Maintenance & Repair
Setting Up Tubeless Tyres: A Step-by-Step Walkthrough
Going tubeless cuts flats and improves grip, but setup trips people up. This walkthrough covers tape, sealant, seating the bead, and avoiding mess.
Maintenance & Repair
Going tubeless cuts flats and improves grip, but setup trips people up. This walkthrough covers tape, sealant, seating the bead, and avoiding mess.
I put off going tubeless for years because the internet made it sound like a black art involving soapy water, swearing, and a garage floor covered in latex. The truth is more boring than that: it's a fussy job the first time and a fifteen-minute one after that. What follows is the process I've settled on after setting up wheels for myself, for friends who'd rather buy me a beer than do it themselves, and for a fair few "it won't seal, help" rescue jobs.
Before you commit an afternoon to this, it's worth being honest about what you're actually buying. Tubeless isn't magic, but the benefits are real if your riding suits it.
The trade-offs: setup is more involved, sealant needs topping up, and a big gash still means fitting a tube by the roadside with your hands covered in latex. If you're a rider who gets flats regularly or likes running low pressures on rough roads and gravel, tubeless earns its keep. If you're pumping up once a month and rarely puncture, tubes are genuinely fine.
Get everything laid out before you start. Nothing derails a tubeless setup like hunting for scissors while the sealant clock is ticking.
This is the step people rush and then pay for later. A bad tape job is behind the majority of "it won't hold air" problems I get called about.
Start with a clean, dry rim bed. Wipe it out with a rag and, if it's an old wheel, a bit of isopropyl alcohol to lift any grease. The tape needs a spotless surface to stick to.
Too narrow and air sneaks around the edges; too wide and the tape rides up the bead walls where the tyre needs to sit. You want the tape to cover the rim bed and just kiss the base of the sidewalls. If your rim's internal width is 21 mm, a 21 mm tape is about right — err slightly wide rather than narrow if you're between sizes.
Once taped, find the valve hole by feel, then pierce the tape with something sharp — I use the valve stem itself pushed through firmly, or a small awl. Make a small hole and let the valve stretch it, rather than cutting a big cross.
Push the valve through the hole from inside the rim and tighten the lockring by hand. Snug, not gorilla-tight — overtightening can deform the tape seal or crack the rim tape over time. A wobble-free valve is all you need.
Now fit one side of the tyre onto the rim, leaving the other bead off so you have an opening to work with. If the tyre is directional, check the rotation arrow now — refitting later because you ran it backwards is a special kind of annoying.
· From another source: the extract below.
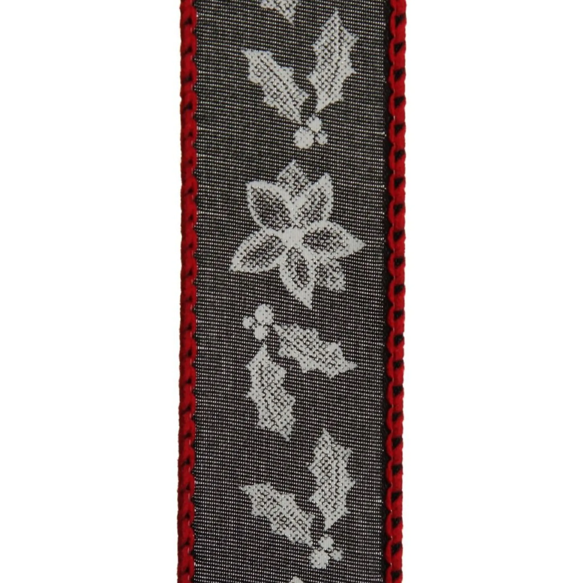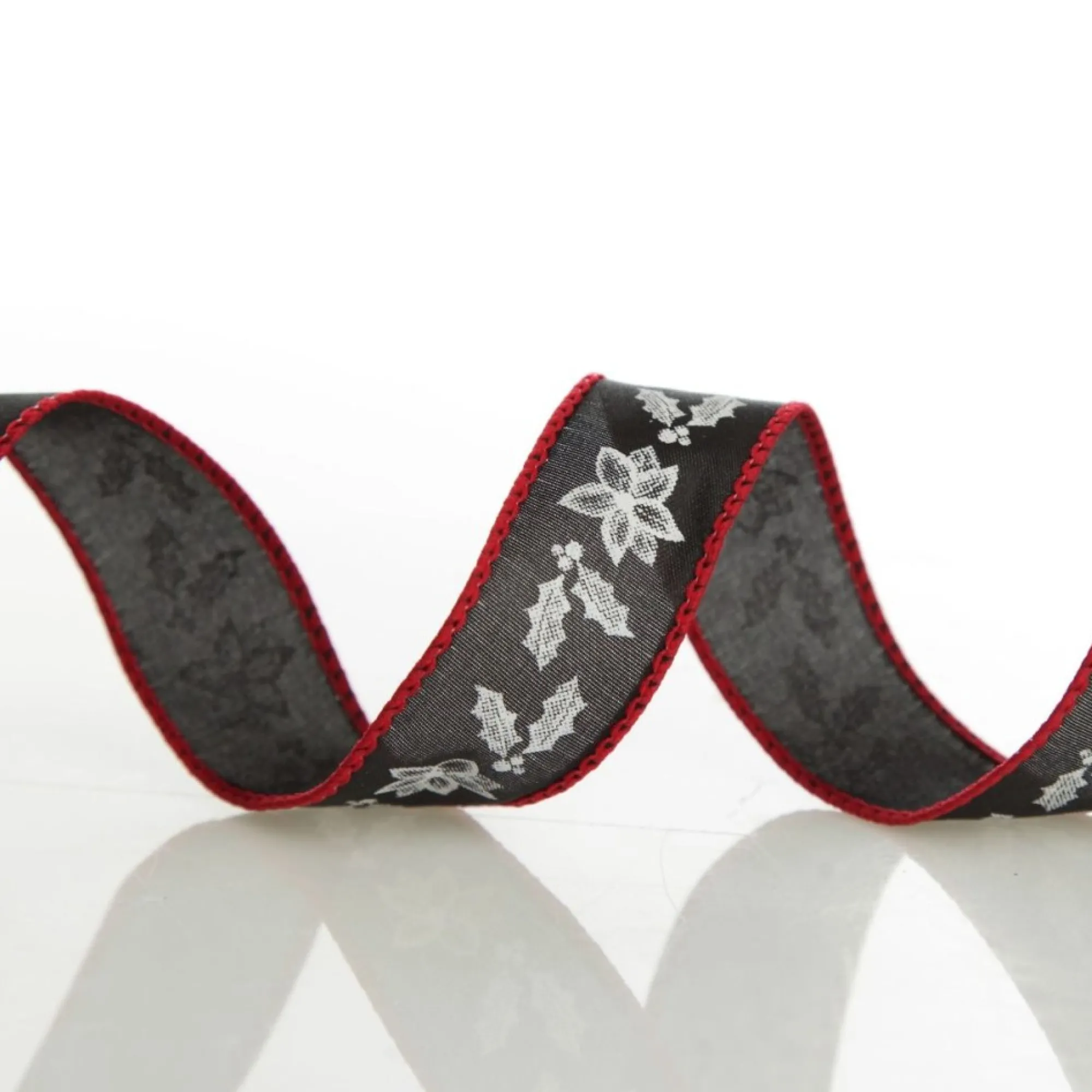 Made From Black Fabric With A Red Wired Trim, This Ribbon Features A Gorgeous White Holly Design. The Wired Edge Makes It Perfect For Creating Beautiful Bows And Bellows That Hold Their Shape.

There are two schools here, and I've come around to one of them.
I now do it through the valve nine times out of ten, because seating a dry tyre is easier and less messy. Seat first, sealant second.
Follow the guidance on the bottle for your tyre size, but as a rough guide: a road tyre wants a smaller dose, a wide gravel or MTB tyre wants noticeably more. Under-dosing is a common mistake — too little and it dries out fast and won't seal a puncture when you need it. Porous or larger tyres and dry, hot climates all argue for the upper end of the range. When in doubt, a touch more won't hurt; a puddle rolling around the rim will.
This is the moment tubeless earns its dramatic reputation, and it's mostly about air volume, not pressure.
Once seated, reinstall the valve core if you removed it, and bring the tyre to your riding pressure. Now spread the sealant around: hold the wheel and rotate it, then lay it flat and give it a spin, then flip and repeat. Shaking and rolling the wheel coats the whole inner surface and lets sealant find any weeping spots.
You'll often see a bit of bubbling at the bead or through the sidewall on a fresh setup — that's the sealant doing its job, and it usually stops within a few minutes of rolling the tyre. Leave the wheel overnight and check the pressure in the morning. A small overnight drop is normal; a flat tyre means the seal or tape has failed and it's worth revisiting rather than ignoring.
The setup is the hard part. The upkeep is easy but not zero.
The first tubeless setup is genuinely fiddly, and if yours takes two attempts and a bit of language you wouldn't use in front of your mum, you're doing fine — so did I. Get the tape right, use enough sealant, and beg or borrow a charger pump for seating, and the rest falls into place. After that first wheel, the process stops being a project and becomes a routine you can knock out on a weeknight. And the first time you finish a ride, spot a thorn embedded in the tread, and realise it never even lost pressure, the whole fussy business suddenly makes sense.